You're all about protest, all about putting on a show, never about producing.

Don't like technology being built to favor corporations, governments,
the rich, the military-industrial complex, or whoever? GET IN THERE
AND BUILD YOUR OWN FUCKING TECHNOLOGY. There's a tech underground
out there, subverting corporate and government ideas into systems to
empower the people. They could use some help. Unfortunately, what they
don't need is a bunch of idiots who are more interested in putting on
shows, making noise, clamoring about how they "speak for the downtrodden",
and making martyrs of themselves, than in making real changes.

Shut the fuck up and do something useful.

Wankers.

evil techno droid


Nano Response

19.12.2004 19:47

It seems to me that as a scientist working in the 'nano' field the campaigners against the nano events have made the classic mistake by misinterpreting what nano really stands for. Sure there are potential problems associated with these technologies and industry and I myself would like to have a clearer understanding of how some of these products could interact with the environment and the human body. If the protestors had concentrated on these issues I think they could have had the researchers over a barrel for the simple fact there is no conclusive evidence either way. I for one would welcome an open debate on some of these issues before we get settled into 30 years of industry and find that to our later detriment that these products are dangerous.

I think it important to understand that nano is NOT dangerous and is nothing more than a commitment to working at a particular length scale. There is a great if potential good that can and will come from the sciences working at this level, but what we should be concerned about is adequate testing of potentially harmful entities such as nanoparticles that may be released into the environment or human bodies.

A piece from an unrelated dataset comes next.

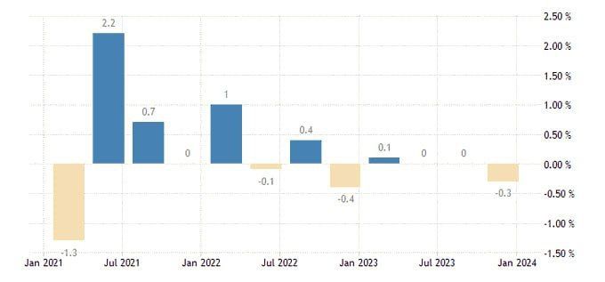 Экономика Германии сократилась на 0,3% в последнем квартале 2023 года, что совпало с ожиданиями рынка и ознаменовало спад после двух последовательных периодов стагнации.

We need more research and we need this now. There are simply not enough studies of toxicity to allay my fears...and increasingly it would seem those of others.

Nano Scientist


Destructive efforts are futile.

23.12.2004 16:00

I completely agree droid. The protestors were completely clueless, luddites and reactionaries appearing before there is even anything tangible to react to. Protests can only damage the benign commercial applications, not the dangerous military ones. This is world-changing technology that will make this a pivotal moment in history, and all the self-proclaimed guardians of freedom can do is throw stink bombs. In this case creative effort is vastly more leveraged than destructive effort (much like writing Linux was a far better way to attack Microsoft than throwing some eggs at the parking lot). These technologies are inevitable, and the way to make them positive it to make sure the defensive and liberating tools are developed and distributed ahead of the negative ones. Personally I've gone a step further and work for the Singularity Institute ( http://www.singinst.org).

Michael Wilson


Open Source nanotech

27.12.2004 15:53

yeah, i'd go along with that, the only way to make the emerging nanotech industry accountable is to make participants adopt the tried and trusted open-source development model. Strangely enough they were arguing this in the techno-utopia-leftist lists 5 years ago. Where ill-informed, undereducated, science-phobic protest was also predicted a matter of fact.

anarchonano


Top result for nanotech leeds

03.09.2007 12:39

I was searching for a PhD position at leeds, to see what they had to offer, instead the first hit is this page. I agree with nearly all of the comments so far, this protest was aproached with little or no understanding of nanotechnology.

It seems to me that protests against nanotechnology, nuclear and biotechnologies have a running theme; find a negative application or 2 and decide that the whole subject should be written off.

Why are these protesters not sabotaging chemistry departments, if it was not for chemistry we wouldn't have BOMBS! Why not campaign to BAN milling machines and drills because they are used to make GUNS! Oh hold on, that's because there are other uses for those things...

How many researchers attended the protest? or perhaps a better question; how many of the protesters have ever attended a nanotechnology conference?